When I last visited India in '96, the roads were terrible.  It took us 12 hours of winding up and down hills to get from Bombay to Pune, including hours where traffic stopped so completely that we ended up leaving the car to wander around.

At the time, I read in newspapers how India wanted to fix this problem- Private roads were coming to India!  Businessmen would build roads and recoup the costs by charging tolls (Oh, silly 90s folk, privatization was the solution to *everything*?).

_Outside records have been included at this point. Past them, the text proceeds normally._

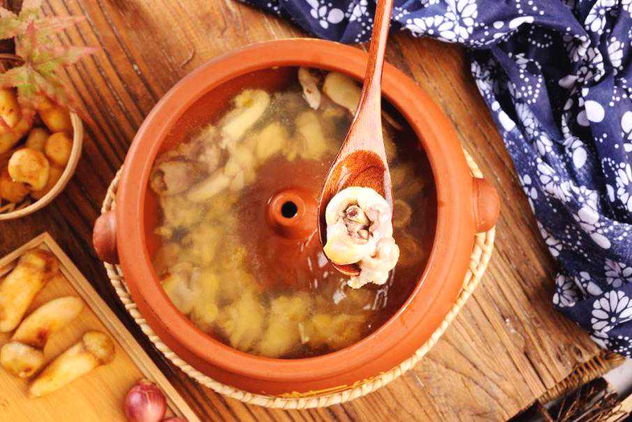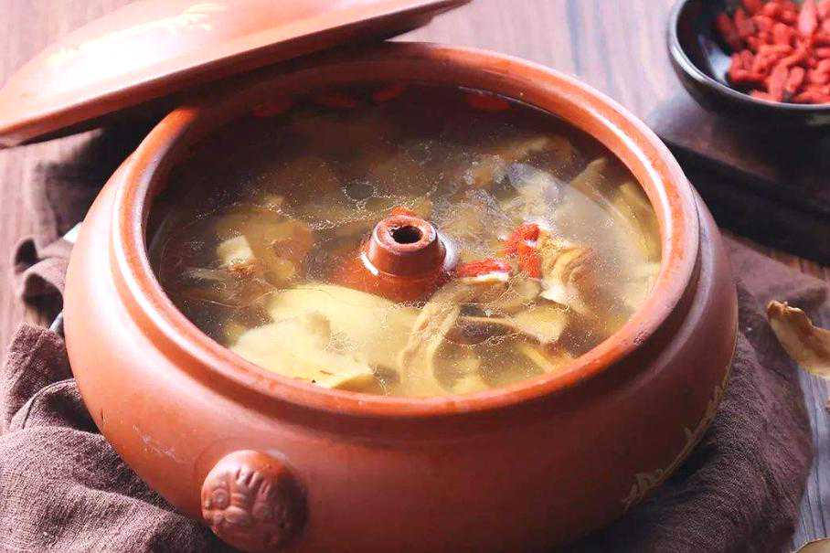 开始长期蒸馏过程,由蒸馏产生的汤水会一点点增多(无需再检查)。若烧水锅较小,中间要检查烧水锅内是否烧干并补充。根据锅的大小,2~4个小时内能够做好,以汤量和锅所对应的食用人数分量为准。若配以竹荪或类似食材,根据种类不同,在起锅前半小时左右(时机选择见注意事项最后一段)放入。若食用第二次,尽量不要动鸡肉;第一次剩的鸡油可以加入一些。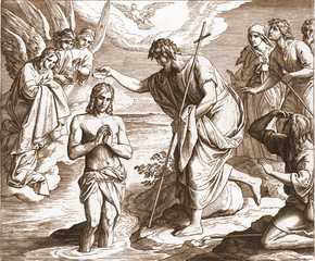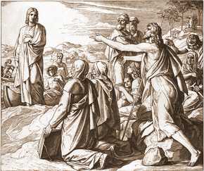На другой день видит Иоанн идущего к нему Иисуса и говорит: вот Агнец Божий, Который берёт на Себя грех мира. Сей есть, о Котором я сказал: за мною идёт Муж, Который стал впереди меня, потому что Он был прежде меня. Я не знал Его; но для того пришёл крестить в воде, чтобы Он явлен был Израилю. И свидетельствовал Иоанн, говоря: я видел Духа, сходящего с неба, как голубя, и пребывающего на Нём. Я не знал Его; но Пославший меня крестить в воде сказал мне: на Кого увидишь Духа сходящего и пребывающего на Нём, Тот есть крестящий Духом Святым. И я видел и засвидетельствовал, что Сей есть Сын Божий. На другой день опять стоял Иоанн и двое из учеников его. И, увидев идущего Иисуса, сказал: вот Агнец Божий.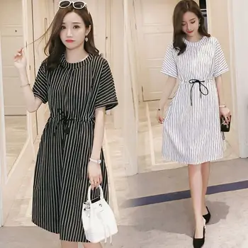 995# Vertical Striped Maternity Nursing Dress Summer Fashion Slim Waist Clothes for Pregnant Women Pregnancy Feeding Clothing$65.88 Select options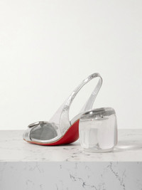 Clear, rounded block heels earn Christian Louboutin's innovative 'Minny Bubble' pumps their namesake. They've been crafted in Italy from glossed synthetic material and PVC that creates a cool illusion and have silver-tone buckles and slingback straps. Size & Fit - Fits true to size, take your normal size - Italian sizing Details & Care - Heel measures approximately 70mm/ 3 inches - Clear PVC, silver glossed synthetic material - Elasticated slingback strap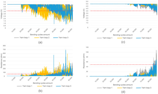 As mentioned earlier, the samples were flexed 180 degrees for 100,000 cycles or until the voltage dropped in at least two yarn loops for 10 seconds after bending. The failure points were based on the final needs of the application. Voltage under 3.5 V or resistance rise to 50 ohms was considered a failure point. The voltage drops are seen in Figure 3a,c comparing two different conductive yarns during the bending tests.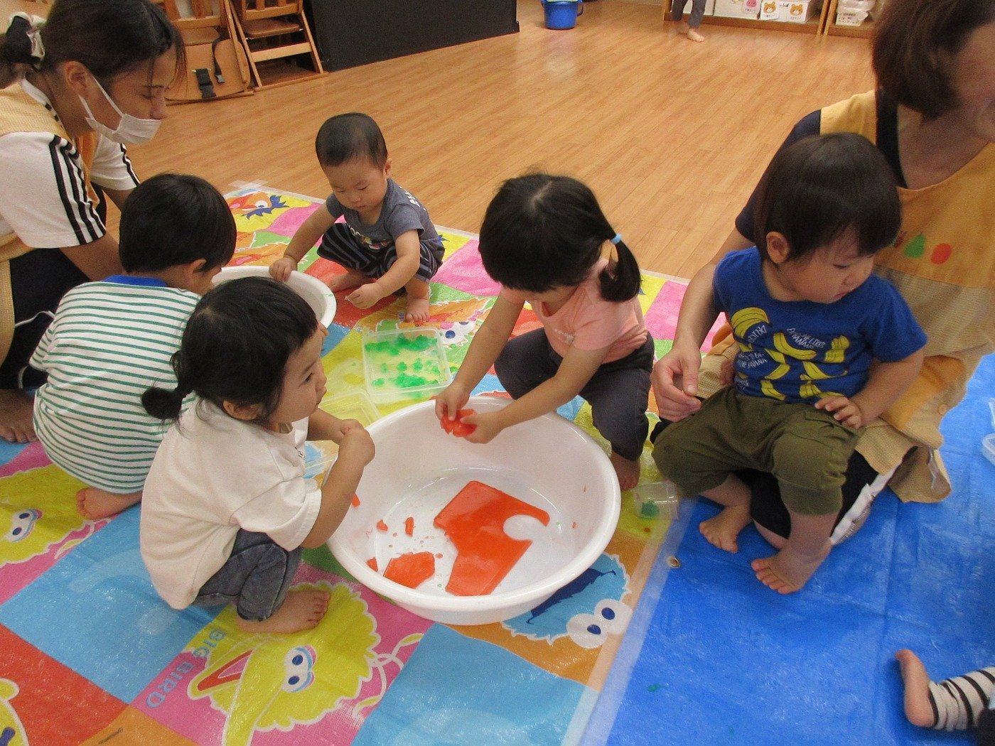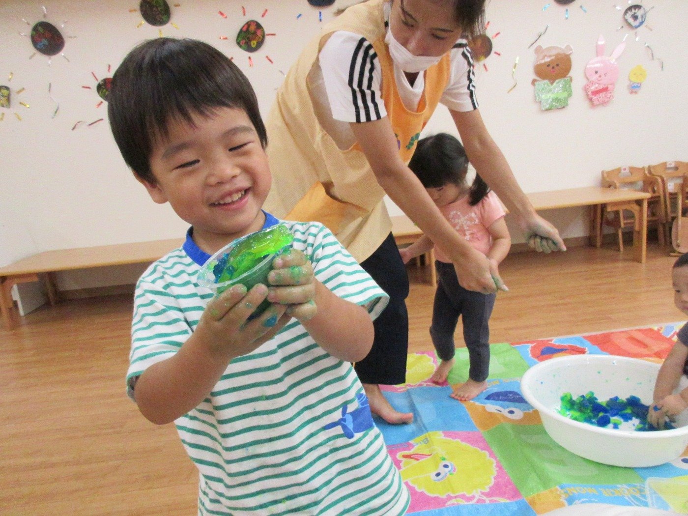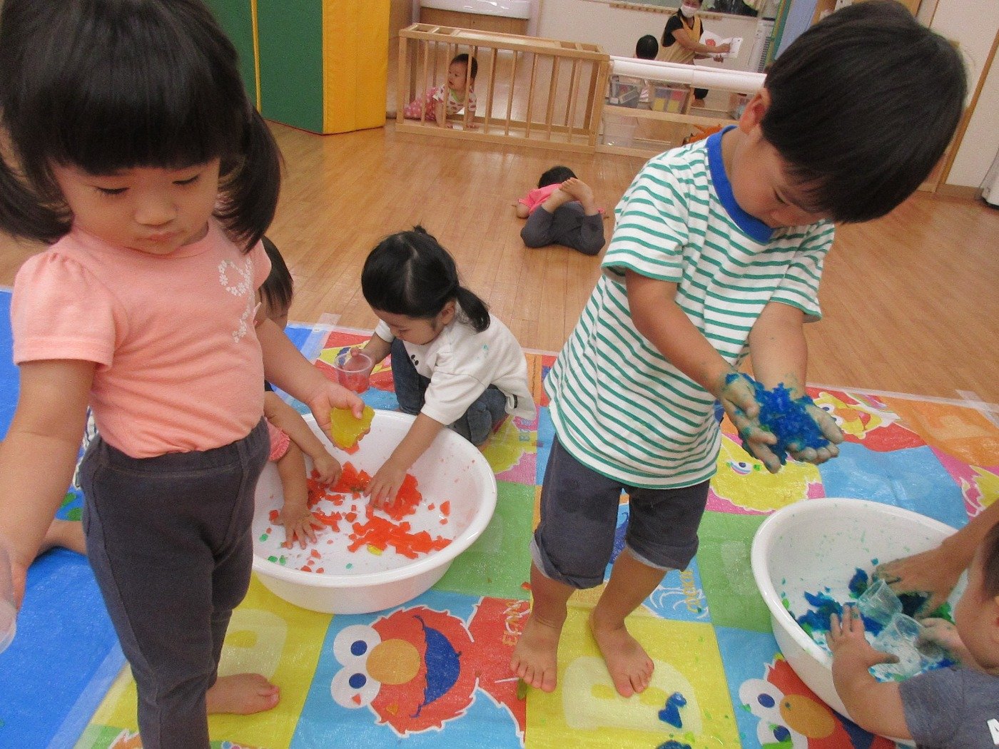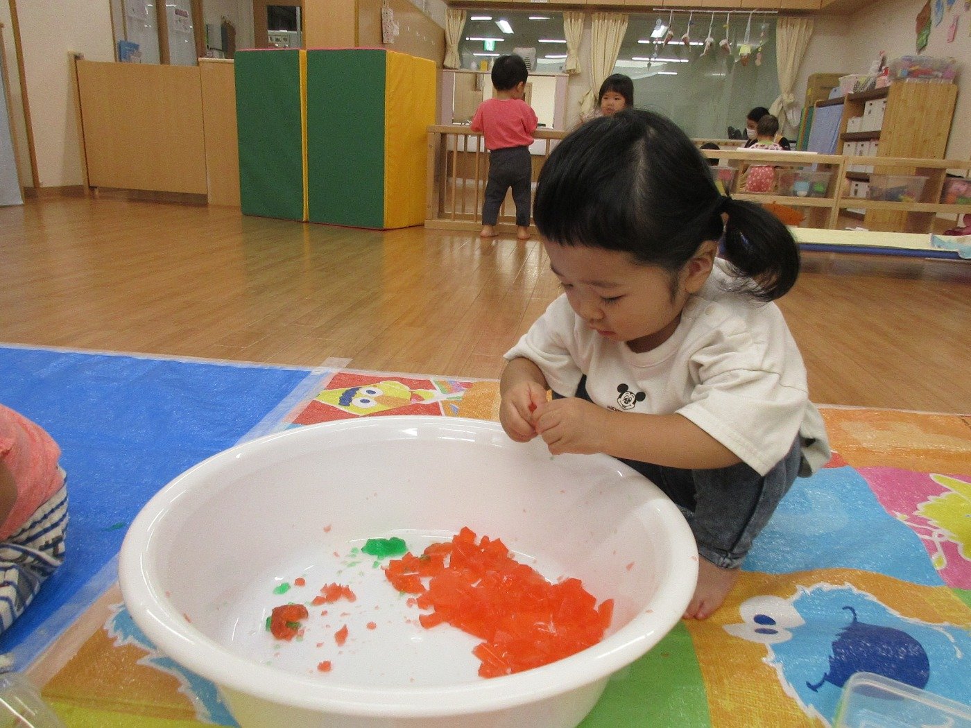 スライムに、氷。 泡遊びに、ひんやり寒天。

16 years later I return to India to see how it turned out.  The results are so-so.  Some roads are privately owned, but it seems most still aren't.  Compared to the publicly owned Chinese highway system (which really are first class), Indian roads are still lacking.  You can travel around India faster than before (Pune-Bombay is about 3 hours, Delhi-Agra is first world quality), but other roads were pretty mediocre.



Here is the Pune-Bombay highway.




Many roads are still pretty chaotic, although traffic flows a bit more freely than I remember.



The Jaipur-Agra road wasn't really all that modern, in places it reminded me of India decades back.




Bombay has built all sorts of raised roads and bridges to ease the flow of traffic, including a road that just juts out into the ocean, coming back up north to bypass some crowded areas.



The old giant colorful trucks still can still often be seen, but unlike before, the exhaust pipes don't empty into neighboring car windows.


The Bombay-Pune highway was so different (and advanced) that I didn't recognize anything, until I saw good ol' "Duke's Nose".